Just like RMSE, the lower the Winkler score the better.
```{r Winkler Score, warning=FALSE}
Employment_futures <- fits %>% dplyr::select(c("ets", "stlf", "arima_search",
"seasonal_naive_drift",
"combination")) %>%
# Generate 5000 future sample paths
generate(h = "4 years", times = 5000) %>%
# Compute forecast distributions from future sample paths
as_tibble() %>%
group_by(Month, .model) %>%
summarise(dist = distributional::dist_sample(list(.sim))) %>%
ungroup() %>%
# Create fable object
as_fable(index = Month, key = .model,
distribution = dist, response = "Employed")
# Match the prophet 5000 future sample paths and join with Employment Futures
prophet_futures <- Employment_forecasts %>%
filter(.model=="prophet") %>%
dplyr::select(.model, Month, Employed) %>%
`colnames<-`(c(".model","Month","dist")) %>%
as_fable(index = Month, key = .model, distribution = dist,
response = "Employed")
Employment_futures <- Employment_futures %>%
full_join(prophet_futures,
by = join_by(Month,.model,dist))
# Winkler test
Employment_futures %>%
accuracy(test, measures = interval_accuracy_measures,
level = 95) %>%
arrange(winkler)
```
## Final Model
The combination model is the most accurate according to RMSE and and the Winkler
test. Let's visualize how the model performs with a simple plot.
```{r Final Model plot}
forecast(fits, h= "4 years") %>%
filter(.model=='combination') %>%
autoplot(train) +
autolayer(test, Employed, color = "red") +
labs(title = "US employment: Financial Activities",
y="Number of people (millions)",
x = "Year/Month")
```
## Summary
A couple of observations jump out right away from this investigative journey.

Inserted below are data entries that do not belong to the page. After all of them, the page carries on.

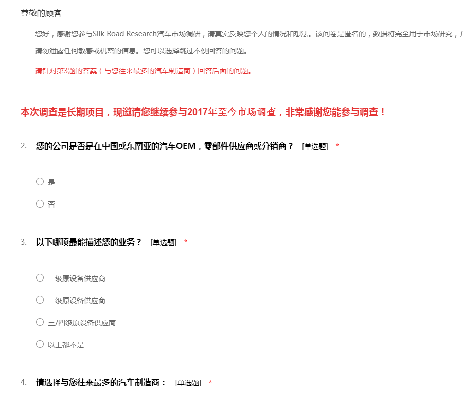 您好,感谢您参与Silk Road Research汽车市场调研,请真实反映您个人的情况和想法。该问卷是匿名的,数据将完全用于市场研究,并得到严格保密。 请勿泄露任何敏感或机密的信息。您可以选择跳过不便回答的问题。 请针对第3题的答案(与您往来最多的汽车制造商)回答后面的问题。
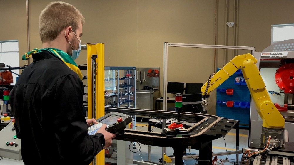 « Dans le cadre du baccalauréat en génie robotique, les étudiants viennent ici, chez Productique Québec, pour mettre en application ce qu’ils ont développé comme compétences dans les autres cours de leur formation à l’Université de Sherbrooke », explique David Brodeur, chargé de projet chez Productique Québec.
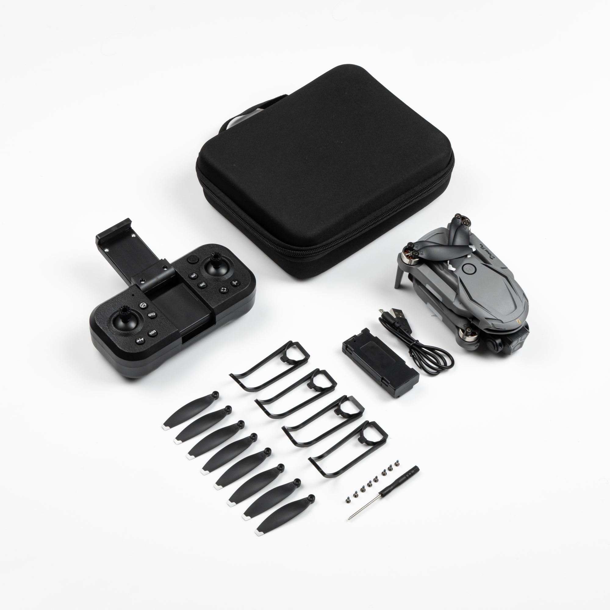 Drones come with a protective carry bag to keep your gear safe and organised. Inside you’ll find the drone, remote controller, spare propellers, guards, tools, charging cable, and battery.
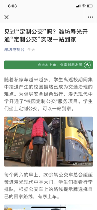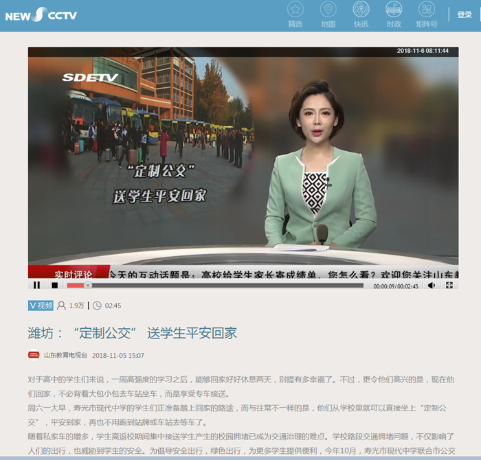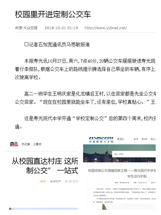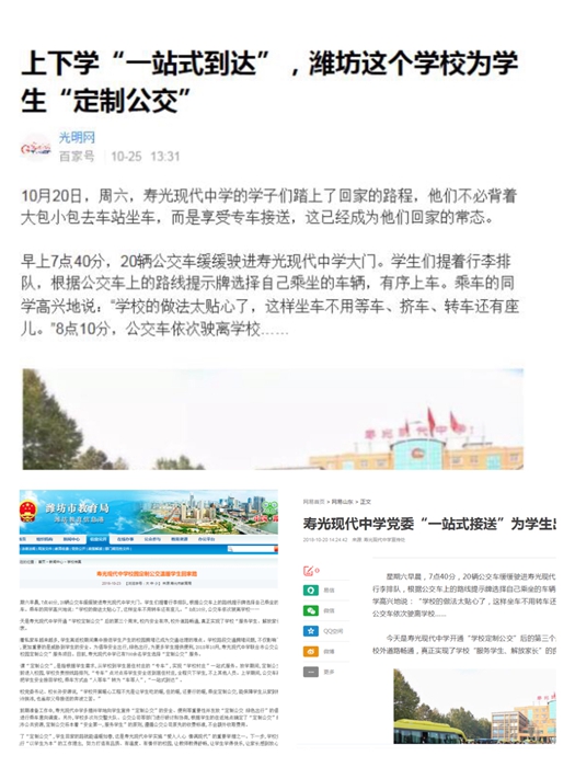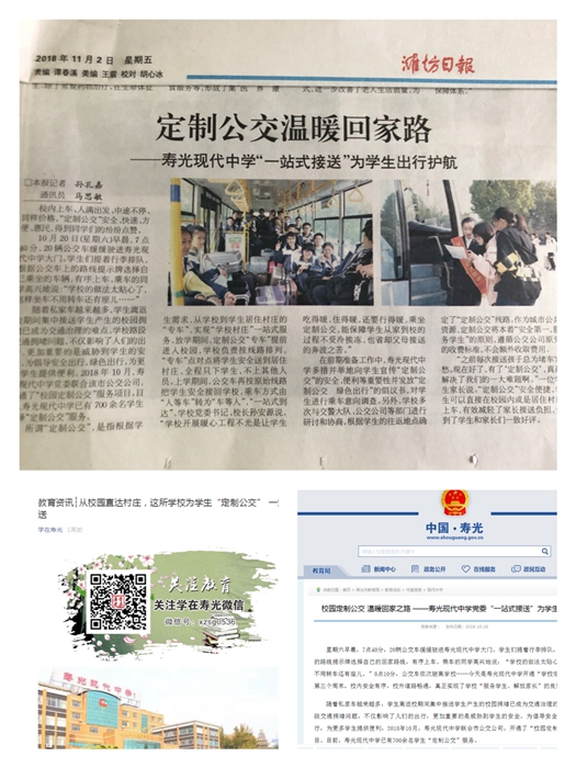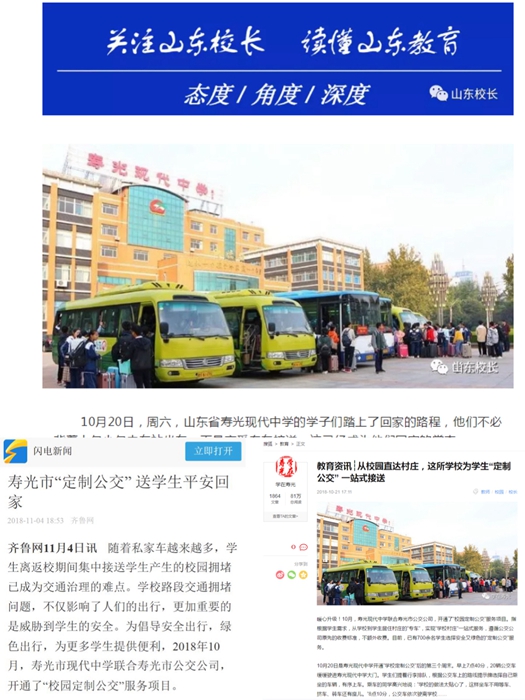 10月20日,寿光市教育局“学在寿光”公众号以《校园定制公交 温暖学生回家之路》为题,对寿光现代中学“定制公交”的做法进行了报道。央视新闻移动网、大众日报、潍坊日报、寿光日报、山东校长公众号、潍坊教育公众号、潍坊教育信息港、光明网、网易新闻、等多家媒体对文章进行了转发。11月3日,山东电视台教育频道、潍坊电视台到寿光现代中学对这一暖心做法进行了深度报道。
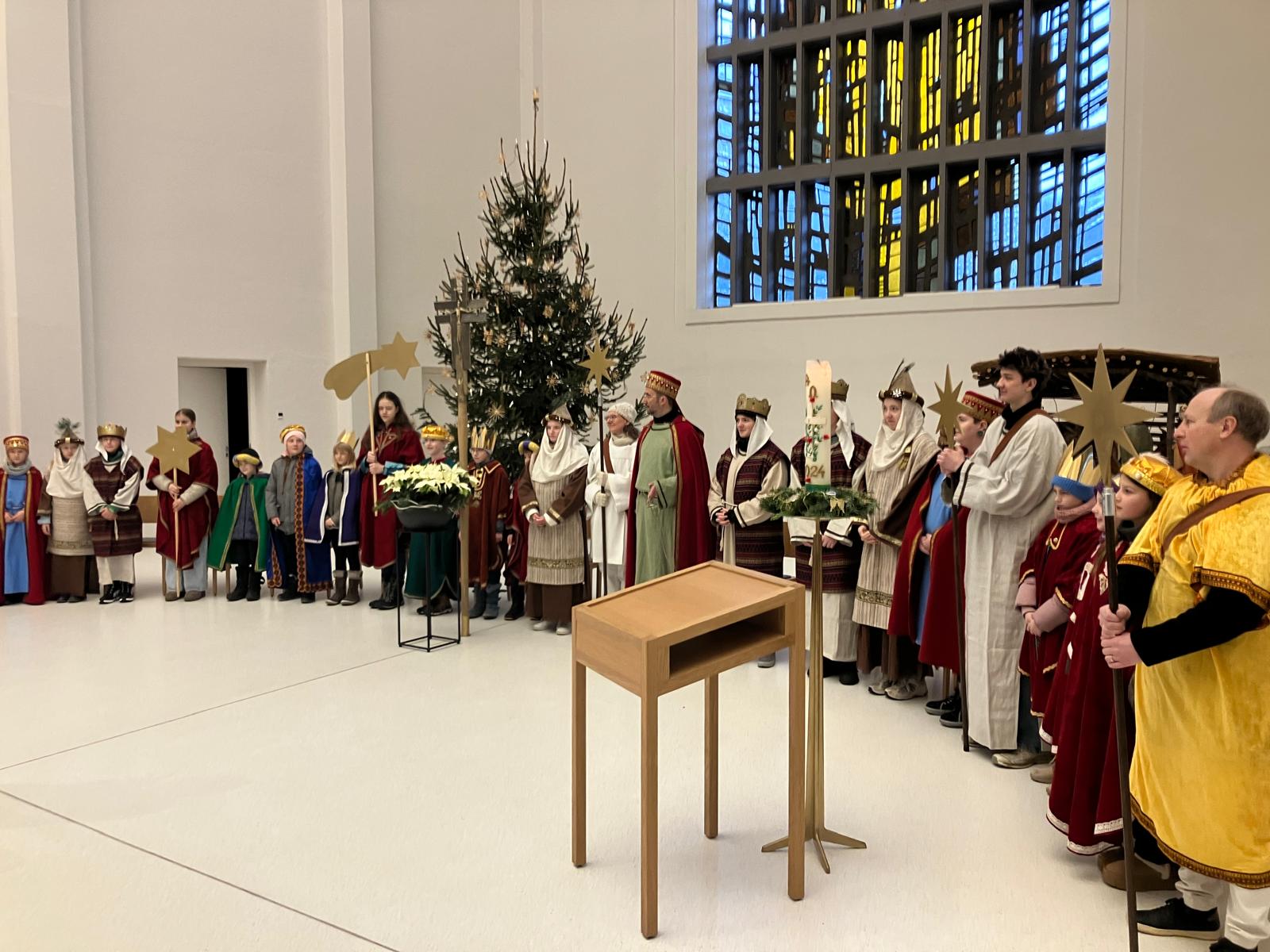 Nach einer kurzen "Abkühlphase" und dann wieder geordneten aufreihen der großen Sternsingerschar, konnte der Gottesdienst seinen weiteren, guten und ruhigen Verlauf nehmen.

The final combination model is extremely accurate within the first year. This is
followed by the 2020 decline. No statistical model could have possibly foreseen
the Covid-19 pandemic, nor the economic challenges it wrought. If I was
responsible for producing short term forecasts of month to month changes during
2020, I would have been forced to use some form of scenario based forecasting
which would have included some generalized economic data. I would have also
considered assembling a panel of experts to help produce a Delphi forecast.
When we move past the first two years, the shaded prediction intervals in all
models are extremely wide. Therefore, it would make more sense to
forecast this particular series two years at a time instead of four. A well
trained long term forecast of 4 to 5 years, however, is still quite useful for
evaluating the realm of possibilities the future may bring.